Last weekend brought me back to Temple University, ten years after graduating, for a conference of econ PhD alums. I had so many reactions:

  1. Mixing a research conference with what is effectively a reunion or homecoming is a great idea for a PhD program, and more schools should do it. It brought together alumni from all different years, but it especially felt like a reunion to me since it’s been ten years since I graduated (not that I really know about reunions; I’ve never been to a high school or college one).
  2. Philadelphia in general and Temple University in particular have gotten much nicer (though still gritty). Some of this I expected; the country is getting steadily richer, and it seems like every college is always on a building spree. But as with New Orleans, it is a city still well below its peak population that I first got to know in the aftermath of the great recession. Unemployment in Philly is now well under half what it was the whole time I lived there, and it shows.
  3. Life is short. I was saddened, but not shocked, to hear that one of my professors had died. I was saddened and shocked to hear that one of my fellow students had.
  4. As a kid, whenever I went back to one of my old schools, I usually felt nostalgia mixed with the feeling that everything seemed small. Then I thought this smallness was only about me having grown taller, but now I wonder. At Temple the economics department has changed buildings, but when I went back to the old building everything seemed small, despite me being the same size I was in grad school. But at the time the building loomed so large in my mind; I was so focused on the things that happened there, the classes and tests, the study sessions and writing in the computer lab, what the professors thought, and everything that it all represented. All that apparently made the rooms seem physically larger in a way they now don’t once I have graduated and the professors moved.

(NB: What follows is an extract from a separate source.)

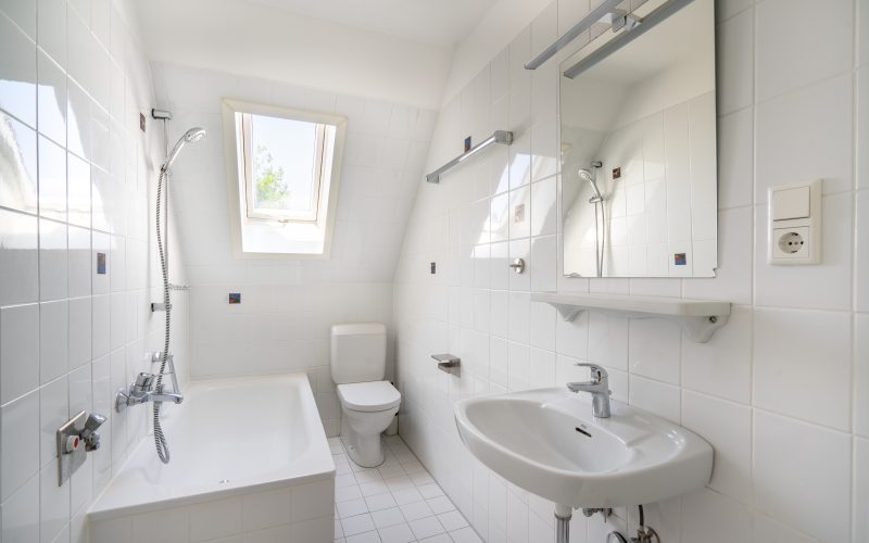 - Bad weiß gefliest mit Badewanne, WC, Waschbecken und Anschluss für Waschmaschine (Renovierung ca. 1996)

  5. Temple PhDs are much more successful than I would have guessed at the time. It was hard for students attending what was then a bottom-ranked program during the Great Recession to be optimistic about our job prospects, especially when we worried we might fail out of the program (a valid concern when, afaik, only 4 of the 11 students in my year finished their PhDs). But things turned out great; just in the past 10 years from a small program there are many people who are tenured or tenure track at decent schools, who have research or important supervisory positions at the Fed, or who are making a name for themselves in the private sector (like Adam Ozimek).

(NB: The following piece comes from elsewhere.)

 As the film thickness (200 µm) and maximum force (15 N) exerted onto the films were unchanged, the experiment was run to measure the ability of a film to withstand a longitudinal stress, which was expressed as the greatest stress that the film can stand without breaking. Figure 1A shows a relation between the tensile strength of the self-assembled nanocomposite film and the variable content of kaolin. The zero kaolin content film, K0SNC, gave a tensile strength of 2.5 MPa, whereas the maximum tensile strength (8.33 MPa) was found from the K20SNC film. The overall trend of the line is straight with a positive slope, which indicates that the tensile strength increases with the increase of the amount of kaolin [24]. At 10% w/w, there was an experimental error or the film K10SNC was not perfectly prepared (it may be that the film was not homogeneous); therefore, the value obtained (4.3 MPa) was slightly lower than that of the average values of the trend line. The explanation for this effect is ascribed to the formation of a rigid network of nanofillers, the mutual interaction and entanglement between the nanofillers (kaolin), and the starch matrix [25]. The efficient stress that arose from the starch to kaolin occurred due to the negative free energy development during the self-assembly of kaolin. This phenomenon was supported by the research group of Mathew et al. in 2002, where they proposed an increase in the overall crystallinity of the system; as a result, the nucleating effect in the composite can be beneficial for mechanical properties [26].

  6. Why have we so exceeded our low expectations? The improving economy helped. Economics PhDs from anywhere turned out to be a valuable degree. Perhaps our training was stronger than we gave it credit for at the time. I see two main tracks for success coming out of a lower-ranked program, where the school’s name alone might not open doors:
    • publish a lot (my strategy), or
    • find some way to get your foot in the door of a major institution like the Fed system or a major bank, then work your way up. The initial way in could be something less competitive, like an internship or a job you don’t necessarily need a PhD for. But once you are in you will be judged mostly on your performance within the institution, not your credentials. In a panel on non-academic jobs, several alums emphasized that conditional on having enough technical skills to get hired, at the margin people/communication skills are much more important to advancement than further technical skills.
  7. Temple’s economics PhD program paused admissions back in 2020, but is aiming to restart with a redesigned program in 2025.